Bad news: Amazon is monitoring them and hasn't let up on efforts to update the DRM.
(Which in this case is likely DRM-related, which drops my sympathy meter below zero.)
If this is a hint at much more formidable DRM coming out, could a silver lining for authors and publishers be more sales?
Or is mass piracy going to just continue, full steam ahead?
(Authors and publishers need any bit of good news they can get right now.)
Mass piracy will continue full steam ahead at current rates.
Most of these sites allow you to read on a computer screen and those can be captured and OCR'd. And if they don't allow that, you can take a photo of your device and OCR that. And if you can't do that, you can manually type in the book. There's always a way, and it will always happen to any books that publishers are making any kind of profit on.
Being more technically capable than typical, I’m hardly a normal customer to try to target, but the way I see it all this does is piss off the minority who care and are capable of getting around restrictions. Those who don’t care or aren’t capable will just continue getting cluelessly fucked over as always. These measures less about effectiveness, and more like a money themed emotional support affirmation for someone in a suit. It helps them feel like they are accomplishing something, but that’s it.
I haven’t checked lately, but I expect that “AI” tools that easily and accurately rip and format data from a picture feed of a screen will become the way to go for bypassing whatever clever encryption schemes come along. This also has the benefit of ignoring the steganographic tracking data hidden in paid files, making piracy ultimately easier for the uninformed. This sort of thing was always possible, but was a bit janky and laborious.

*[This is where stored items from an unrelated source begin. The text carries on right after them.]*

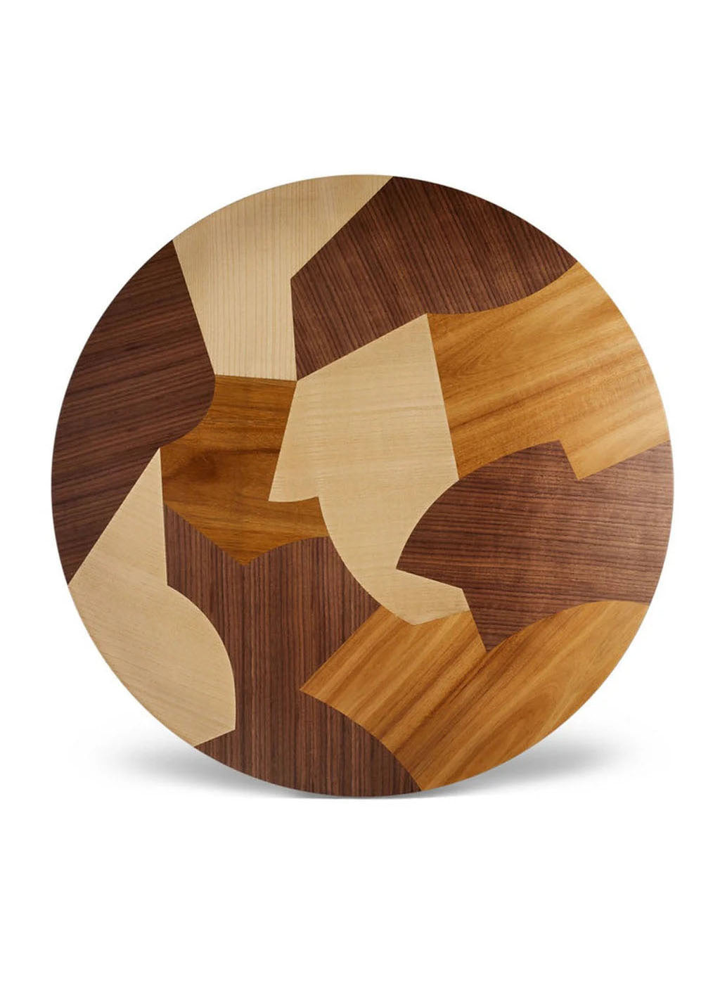 - Ceviz, akasya ve huş ağaçlarından geometrik desenlerle işlenmiş döner tabla, metal bir döner tabla mekanizmasıyla donatılmış.
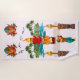Pele, the Fire Goddess, surrounded by tikis, is featured on this bright, colourful beach towel.
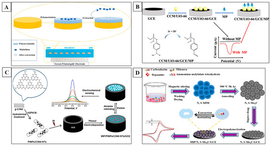 Carbendazim (CBZ) is a wide-range benzimidazole fungicide that is widely used in the agriculture sector to prevent disease growth in fruits and vegetables [121]. Its benzimidazole ring provides long-term stability, leading to its widespread distribution in water and soil environments, but it has been found to cause infertility and damage testicles in animals in research. As a result of the harmful effects that it has, the European Union and other countries have enacted stringent residue limits [122]. This study investigates the detection and quantification of CBZ. For this purpose, a film of MIP was fabricated on the surface of nitrogen- and sulfur-doped hollow Mo2C/C spheres (N, S-Mo2C). The sensor was prepared through a one-pot approach and carbonization at extreme temperatures. The N, S, and Mo2C were characterized using various techniques, including scanning electron microscopy, Fourier-transform infrared spectroscopy, TEM, and CV. The sensor’s practicality and reliability were demonstrated when it was applied to detect CBZ residue in fruits and vegetables, indicating its potential in various fields such as food quality control, drug monitoring, drug quality control, and environmental monitoring [75]. Additionally, the HKUST-1@MIPs-GE electrode was developed for CBZ detection [123]. Figure 7 represents the schematic illustrations of some of the important MIP based electrochemical sensors for the detection of pesticides.

If anyone has similar tools they like I’d love to hear.
None of my books stop working after 12 years, but my kindle, which still works fine, has indeed failed to do it's most basic job.
But alas, I don't have the square meters for that. Also I tend to like THICCC books and carrying around a 1600 page monster daily on my commute isn't it.
So Kobo Libra Colour it is then.
Amazon accumulating even more control over the ebook market is not good news for authors and publishers.
But how would (hypothetical) more formidable DRM constitute even more control over the ebook market?
(Do you mean more control by preventing more piracy? Or by preventing more good-faith circumvention? Or more control because ebooks might be published even more Amazon exclusive than they already are, because of superior anti-piracy protection?)
I think you are very much out of touch with the average book/e-book consumer.